How to build probability mass function in python

How can I create a histogram that shows the probability distribution given by an array of numbers x from 0-1? I expect each bar to be <= 1 and that if I sum the y values ​​of each bar, they should add up to 1.

For example, if x = [.2, .2, .8], then I expect a graph showing 2 bars, one at .2 with a height of .66, one at 0.8 with a height of .33.

I tried:

matplotlib.pyplot.hist(x, bins=50, normed=True) 

which gives me a histogram with bars that go above 1. I am not saying what is wrong, as this is what the normal parameter will do according to the documentation, but it does not show the probability.

I also tried:

 counts, bins = numpy.histogram(x, bins=50, density=True) bins = bins[:-1] + (bins[1] - bins[0])/2 matplotlib.pyplot.bar(bins, counts, 1.0/50) 

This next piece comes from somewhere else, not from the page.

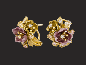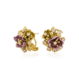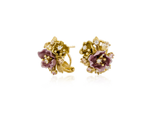 These elegant amethyst and gold floral cluster earrings feature a beautiful arrangement of enameled flowers in shades of amethyst and gold, accented with sparkling crystals on a gold-toned stud. A unique and sophisticated design that captures the beauty of a blooming garden.
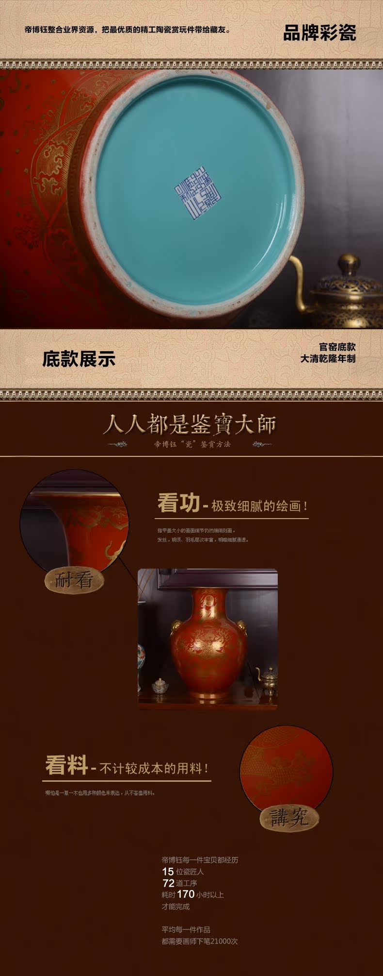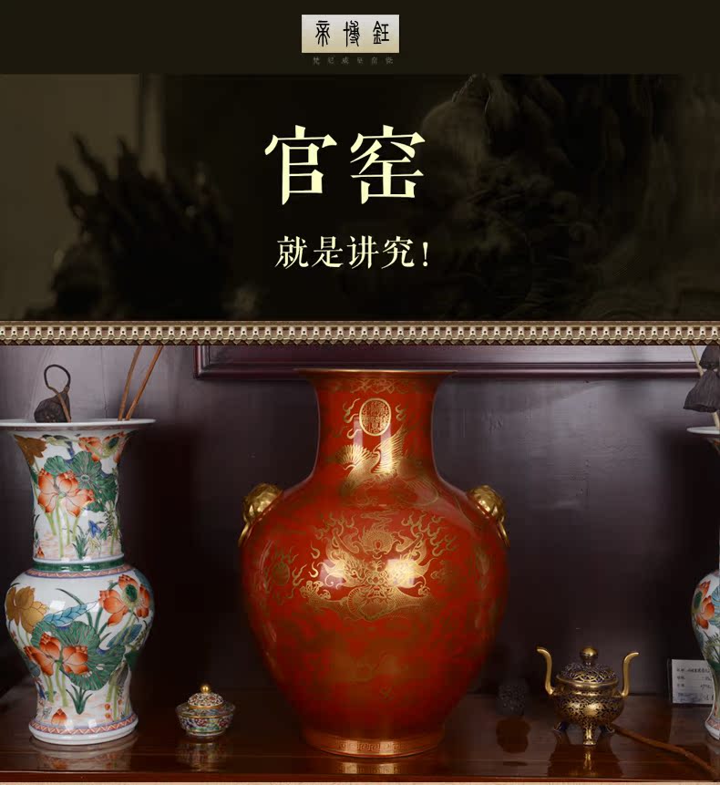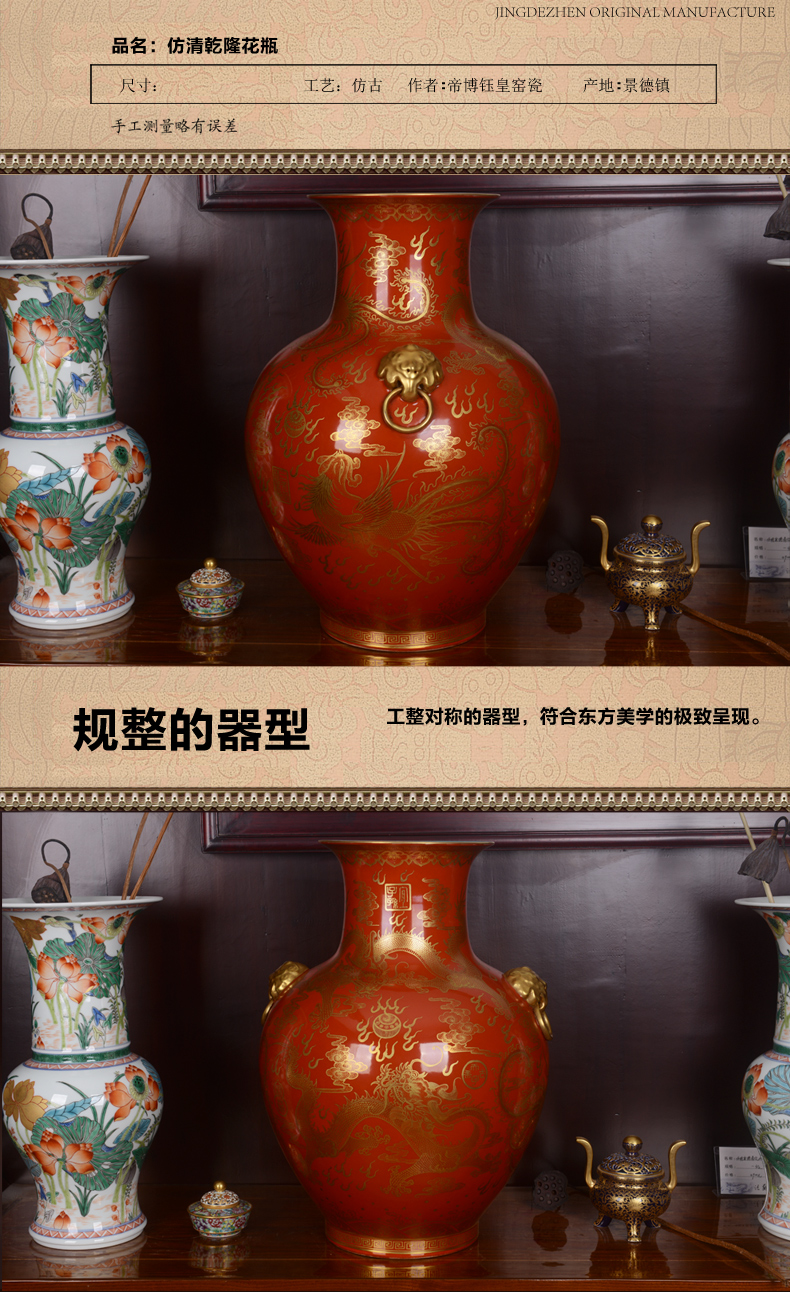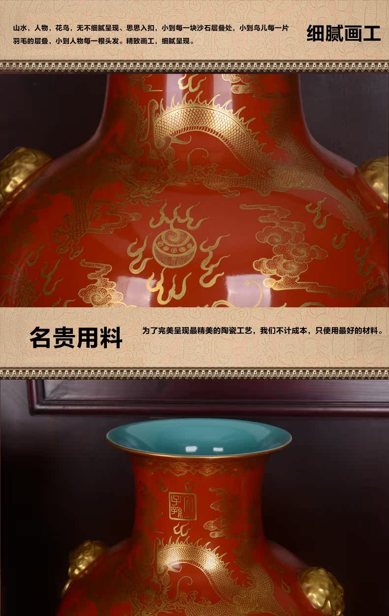 Jingdezhen ceramics ocean 's high - end antique red see colour to the reign of qianlong vase household adornment process sitting room furnishing articles

which also gives bars whose y values ​​add up to more than 1.

+7
source share
2 answers

I think my original terminology has been disabled. I have an array of continuous values ​​[0-1], which I want to discretize and use to build the mass probability probability function. I thought this could be common enough to guarantee the only way to do this.

Here is the code:

 x = [random.random() for r in xrange(1000)] num_bins = 50 counts, bins = np.histogram(x, bins=num_bins) bins = bins[:-1] + (bins[1] - bins[0])/2 probs = counts/float(counts.sum()) print probs.sum() # 1.0 plt.bar(bins, probs, 1.0/num_bins) plt.show() 
+6
source

I think you take the amount as an integral. The correct PDF (probability distribution function) is integrated into a unit; if you just take the amount, you may miss out on the size of the rectangular box.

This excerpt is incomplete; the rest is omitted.